# cleaner wrasse



## scott tang (Jan 29, 2012)

can cleaner wrasse be housed together ??? i have a 125 gallon and allready have one claener in there he is i dooing well with my other fish !

any opinions ?? sugestions ??? sory for my spelling


----------



## scott tang (Jan 29, 2012)

helpppp tips ??


----------



## gklaw (May 31, 2010)

How long did you have the first one. I wont push my luck. Not so much that they fight but availability of food.

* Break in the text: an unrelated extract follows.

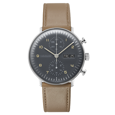 Kaip ir visų šios kolekcijos laikrodžių atveju, taip ir mechaninio „max bill Chronoscope“ dizainas yra labai įspūdingas, nes jis sutelktas į pagrindinius dalykus. Tai galima patvirtinti paprastu, minimalistiniu ciferblato dizainu. Atsisakius mažos sekundės rodyklės sukuriama ypač ryški simetrija.

Note: I am no expert just know by experience that it is not an easy fish for me to keep for a long haul.


----------



## scott tang (Jan 29, 2012)

about a month and mine eats any thing !!


----------



## effox (Apr 21, 2010)

I had mine for six months, went on vacation for a week and it was dead. Not the easiest to keep going in the long run from my experience and from what I've read.


----------



## gklaw (May 31, 2010)

6 months is generally what I heard, I would leave this one happy for now if I were you.


----------



## scott tang (Jan 29, 2012)

ok thanks 
for the info


----------



## Rastapus (Apr 21, 2010)

Scott,
To sustain a cleaner wrasse of any species takes a lot of fish. Although healthy ones will eat prepared foods, IMO they need dead tissue etc from other fish to sustain themselves long term. As an example when we have one with our big grouper they seem to last forever but never leave his side. Multiple Cleaner Wrasse generally wont work unless you have a HUGE aquarium with a ton of fish. Please note that Cleaner Wrasse are a huge Cyanide caught fish as well so you will have the best success with reputable sources, I dont mean the store but rather the source of collection. If they are from Indo or most of the Philippines will likely not last as long as other areas.


----------



## scott tang (Jan 29, 2012)

ok thanks i think i will try with just this one !


----------